关键符号：_assert_nonneg_and_invalidate

## 关键源码片段

### `python/sglang/srt/managers/overlap_utils.py`

唯一修改的文件；新增了 `_assert_nonneg_and_invalidate` 函数，修改了 `__init__`、`resolve_future` 和 `_resolve_spec_extras` 以在 CI 中插入断言。

```python
# 模块顶部，定义编译态断言函数：gather 后检查非负并置 -1
@torch.compile(dynamic=True)
def _assert_nonneg_and_invalidate(
    values: torch.Tensor, buf: torch.Tensor, indices: torch.Tensor
) -> None:
    """Fused: assert all `values >= 0` and scatter -1 into `buf[indices]`.
    Compiled so the reduction + assert + scatter run as one kernel launch."""
    torch._assert_async((values >= 0).all())
    buf[indices] = -1

# FutureMap 的 __init__ 修改：CI 模式下将 output_tokens_buf 初始化为全 -1
self.output_tokens_buf = (
    torch.full((self.req_pool_size,), -1, dtype=torch.int64, device=self.device)
    if _DEBUG_ASSERT
    else torch.empty(
        (self.req_pool_size,), dtype=torch.int64, device=self.device
    )
)

# resolve_future 中，在非 spec 路径的 gather 后插入断言
if self.spec_algo.is_none():
    _resolve_future_token_ids(batch.input_ids, self.output_tokens_buf)
    if _DEBUG_ASSERT:
        _assert_nonneg_and_invalidate(
            batch.input_ids, self.output_tokens_buf, batch.req_pool_indices
        )
else:
    self._resolve_spec_extras(batch)

# _resolve_spec_extras 中，在 gather bonus_tokens 后插入断言
draft_input.bonus_tokens = self.output_tokens_buf[indices]
if _DEBUG_ASSERT:
    _assert_nonneg_and_invalidate(
        draft_input.bonus_tokens, self.output_tokens_buf, indices
    )

```

# 评论区精华

无 review 讨论。

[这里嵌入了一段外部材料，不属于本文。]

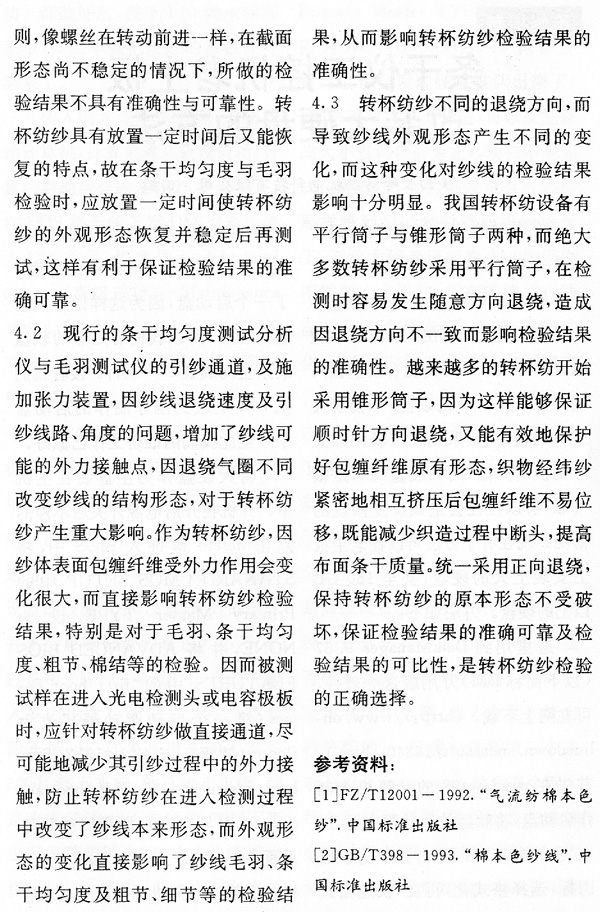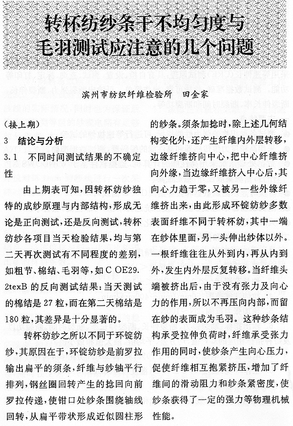 轉(zhuǎn)杯紡紗條干不均勻度與毛羽測(cè)試應(yīng)注意的幾個(gè)問(wèn)題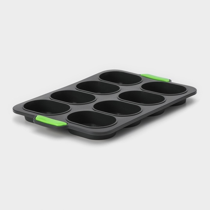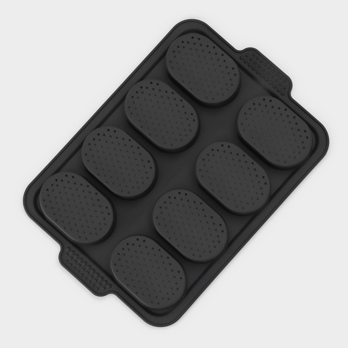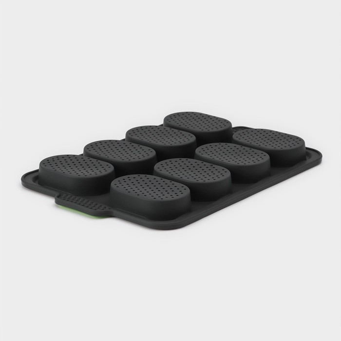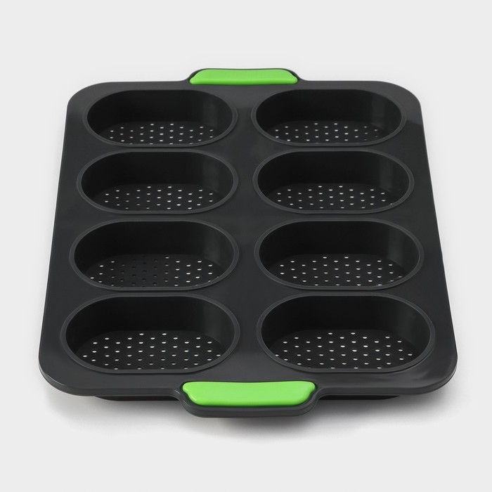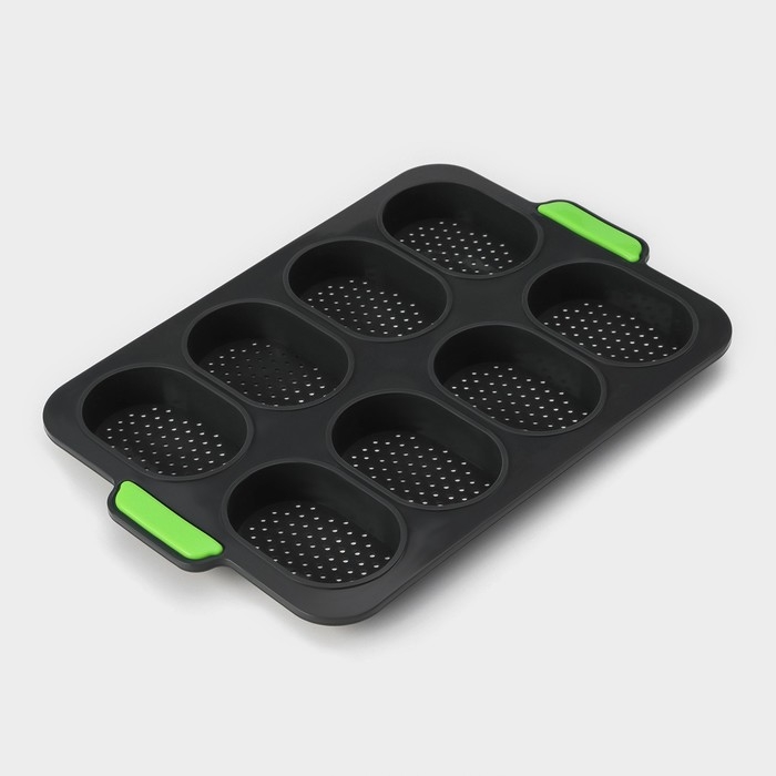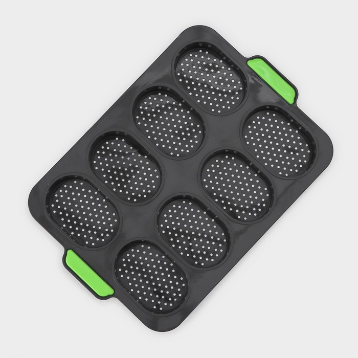 Форма для выпечки с перфорацией «Булочки», силикон, 34,5×23×2,5 см , 8 ячеек (9,5×6,3×2,4 см), чёрная

PR 作者独自提交，无外部评论。

- 暂无高价值评论线程

# 风险与影响

- 风险：
 - **性能风险**：断言仅在 CI 启用，生产环境无影响。`torch._assert_async` 在 GPU 上异步，不阻塞流水线，影响可忽略。
 - **回归风险**：断言仅在 gather 后执行，不影响逻辑行为。但若 CI 中先前未发现的 WWRR 模式因断言暴露，可能导致 CI 失败，需配合修复 upstream 或其他 PR。
 - **兼容性风险**：`torch._assert_async` 需要较新 PyTorch 版本，但仓库已广泛使用，风险低。
- 影响：
 - **影响范围**：仅影响 `overlap_utils.py` 一个文件。
 - **影响程度**：中等。修复了静默数据错误暴露的渠道，帮助功能开发者早期发现跨迭代 relay 逻辑的 bug。对普通用户无感知，仅在 CI 中增加早期故障检测。
 - 风险标记：核心路径变更 , 缺少测试覆盖

# 关联脉络

- PR #26085 drop `FutureIndices` wrapper class: 修改了同一文件 `overlap_utils.py` 中的 FutureMap 类，涉及 indices 的使用方式，与本 PR 的断言逻辑密切相关。